“A debate over the naming rights for the broader categorization of flavorful beer has raged since the new wave of post-light lager emerged in the early 1980s”

A debate over the naming rights for the broader categorization of flavorful beer has raged since the new wave of post-light lager emerged in the early 1980s. By mid-decade, America hosted a mere handful of brewers, nearly all massive in size. These brewers largely produced a near uniform lager beer, differentiated only by a few dozen calories, logos and labels or style of television ads. We called their products beer. Not macro beer. Not industrial beer. Just beer.

When smaller brewers appeared on the scene, some tried unsuccessfully to emulate the big guys and their beers. Most smaller brewers, however, scrambled in the opposite direction, brewing anything other than the prevailing light lager. They explored a range of classic styles, trying to convince skeptical consumers of the merits of dark, bitter and oddly tasting beers. But beyond selling consumers on the charms of individual beers, these smaller brewers needed a way to educate the public on the radical points of distinction between themselves and the larger corporate concerns that ruled American beer.

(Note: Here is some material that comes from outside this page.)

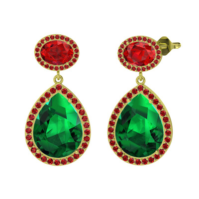Yeşil kuvars ve garnet 8 ayar altın küpe

This ramshackle mélange of divergent personalities showed little interest in or ability to agree on what to call themselves. Busy simply trying to survive in the inhospitable environment in which they arose, these new brewers found their efforts defined by outsiders. At first, major media outlets deemed them eccentric curiosities, largely due to comical size comparisons with macro producers. Reporters called them microbrewers. The label stuck and spread for two decades until the once-small brewers, now collectively making millions of barrels of beer a year, no longer seemed so small.

Andy Crouch, “Names and Labels”, Beer Advocate (March 2016), 22.